Much of the book was written in the afterglow of hangovers, or the buzz of the day's first drink. There is weariness here, a sedated fatalism. His spirituality struggles with morbidity. Still, Kerouac's sensual, sensitive poetic prose might have reached its most sublime character in 'Big Sur', even in its fevered sparks of delirium tremens. It drifts, as Kerouac was drifting, in the disillusionment of the post-Beat rancor, then swirls into eddies of luminous energy. The flow of consciousness is viewed as if through a prism which gives experience a subjective, surreal semblance of order. It seems so tantalizingly close to grasping some illusive meaning, that talisman Kerouac had followed through friendships, terrestrial and spiritual wandering, hardscrabble existence, inebriation, all his life.

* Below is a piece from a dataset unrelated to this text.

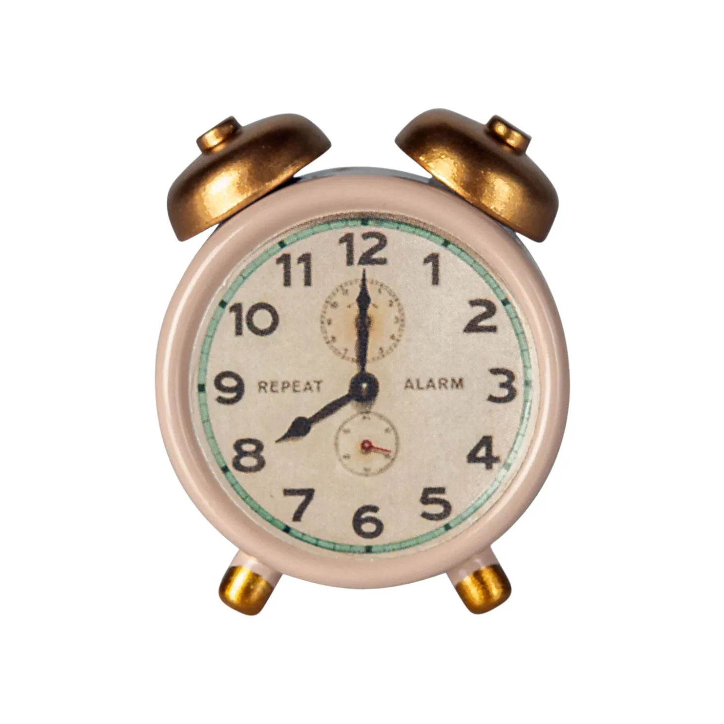 The bell rings and a new day of adventures starts. The small alarm clock is made in metal and with lots of small details.

There is a little quip at the start of the book about the copyright problems he was having with previous publishers, regarding the use of the various names he had attributed to the pantheon of his 'beatnik' friends. The group who became the century's most legendary collection of literary iconoclasts. He describes all of his books as a single Proustian comedy of raging action, folly, sweetness. He whimsies spending his old age reinserting a consistent nomenclature. Of course, the old age would never be. A coherent structure, though, might have robbed the books of their intrinsic spontaneity, the root of their innocence. With all this, there is still a persistent, if subdued, cadence (a beat!) and a wry, if exhausted, humour. Lament or comedy, the roaring storm of On The Road, came crashing ashore at Big Sur, leaving the author a crumpled wreck on the beach. But from these bookends you can glean Kerouac's exhilarating, sad odyssey. 'Big Sur' is its most wrenchingly personal and expressive chapter.